First off, I want to say that this is a very wonderful and unique idea, at least on the site. I don’t think I’ve ever read anything that it could be compared to on YWS.

However, I want to point out a few things that bothered me:

1. There are a lot of adjectives in the story, some of which probably could be removed. Take for instance:

Sighing, she pushed herself out of an uncomfortable chair.


Here for instance, the word “uncomfortable” is almost a hindrance. It slows down the flow of the sentence and I witnessed this several other times throughout the story.

2. There was one particular pair of sentences that bothered me.

Letting go completely, Cali grabbed a cigarette from her back pocket. Using a lighter she had in her front pocket, she lit up…


This just sounds very clumsy. Perhaps try something like: “Letting go completely, Cali grabbed a cigarette from her back pocket and lit up using the lighter in her front.”
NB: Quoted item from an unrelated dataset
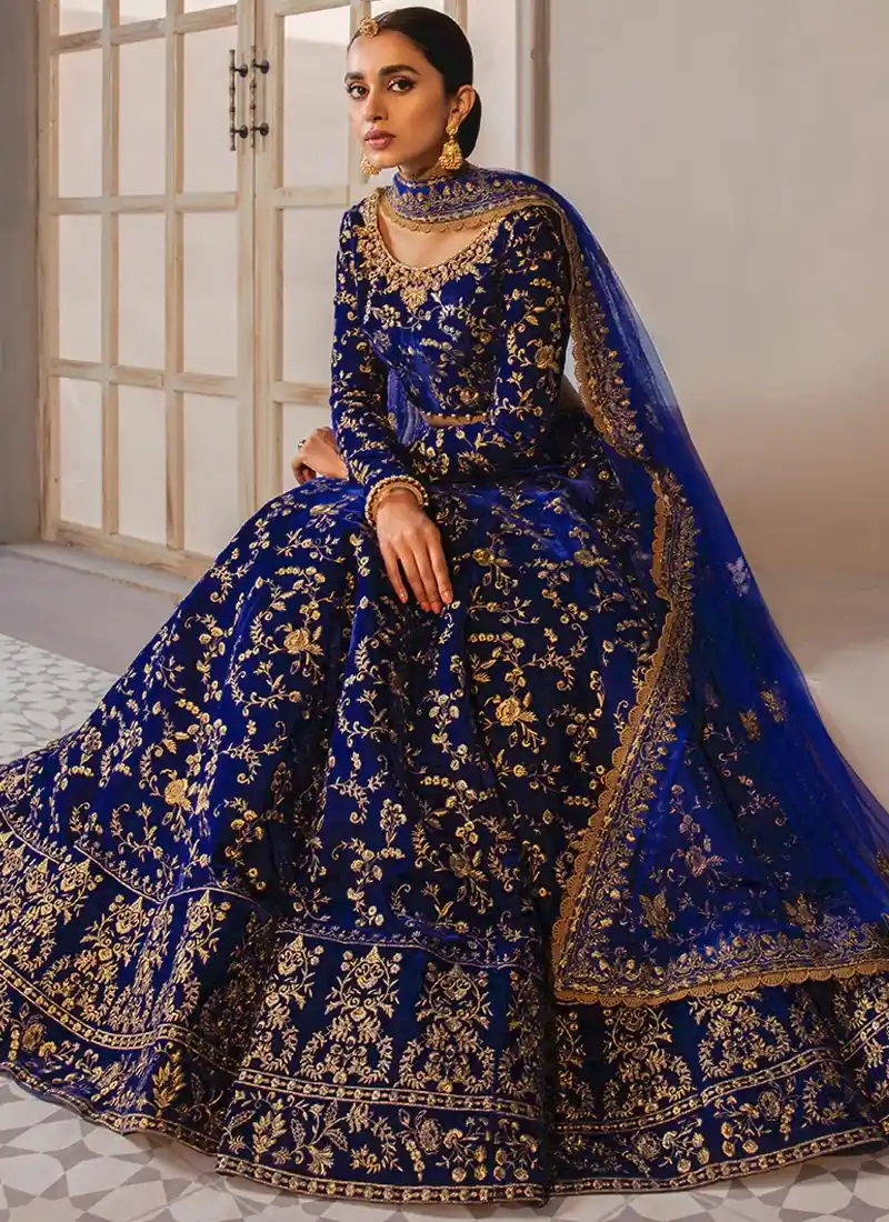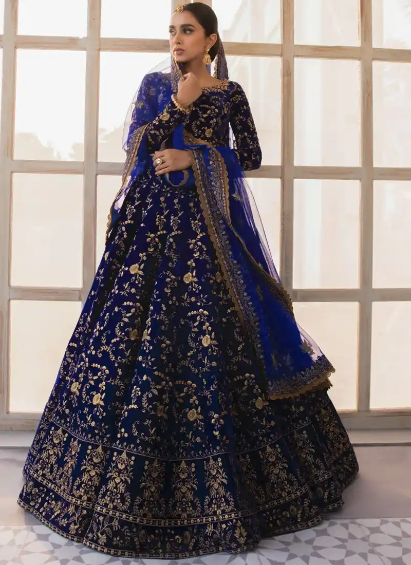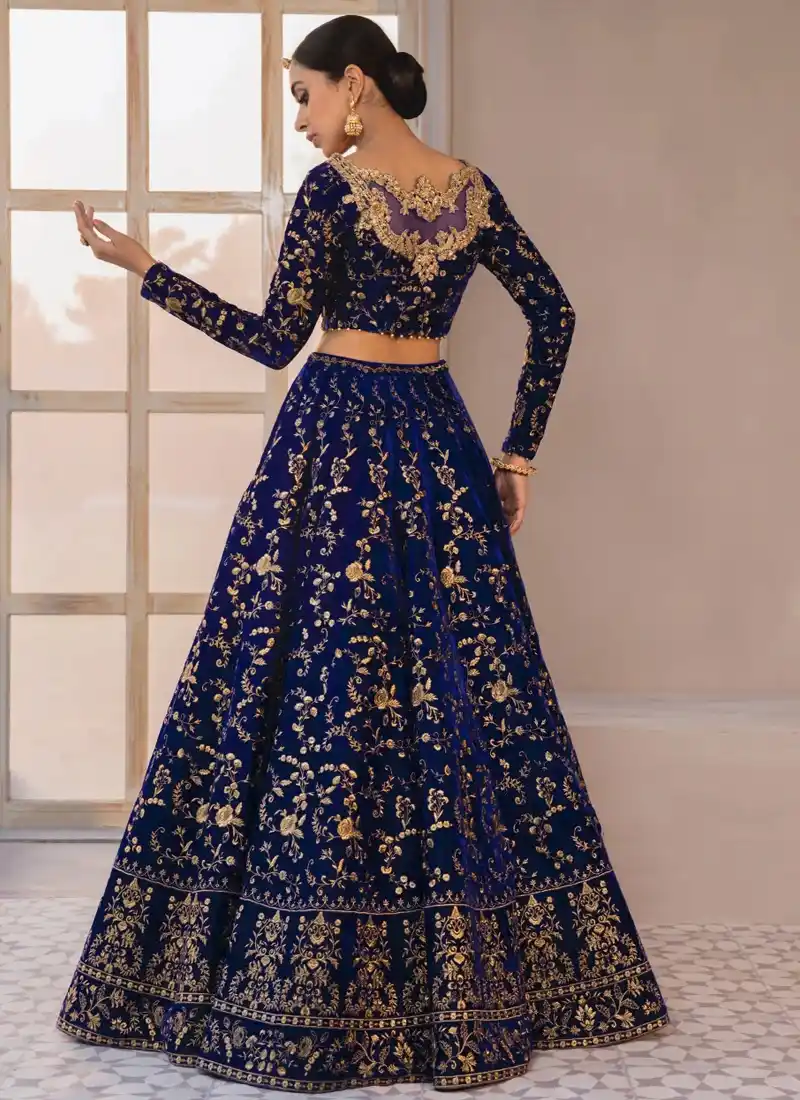 Bridal Book 2025-26 is an updated collection for Asian brides-to-be, created by our most talented artisans in the USA, featuring a cascade of captivating colour schemes, sumptuous fabrics, and sublime embroideries. Each Pakistani bridal outfit is more beautiful than the previous one. Check out our new Navy Blue Velvet Bridal Lehenga Choli – a perfect choice for winter weddings. In the winter season, dark colours trend immensely, and navy blue stays at the top of the list. The bold shade looks drop-dead gorgeous in warm velvet fabric for the bride. Here are the complete details of this oh-so-chic Pakistani bridal lehenga;

3. I found quite a few places throughout the story where things would become rather confusing. It definitely took a lot of focus to read. Still, this is nothing a good read-through on your part wouldn’t fix.

Still, I have to make mention of the parts that I liked.

1.
They called out to a false idol. A false name.


I actually really liked this line and it’s the reason that I read the story. It seemed rather…appealing and mysterious at the same time.

2. The news report section was very well written and it gives the outsiders view of what could have happened to Cali.

3. Also, I love the way you added suspense near the ending. For a moment, I really thought she was going to jump. Then it’s like, wait a second, she’s isn’t about to jump. No, she’s choosing to live which I think is very cool.

But, yeah, it’s a wonderful idea; it just requires a second read through to pick out awkward wording problems and such. Anyway, congratulations.
Never forget who you are, for surely the world will not. Make it your strength. Then it can never be your weakness. Armor yourself in it, and it will never be used to hurt you.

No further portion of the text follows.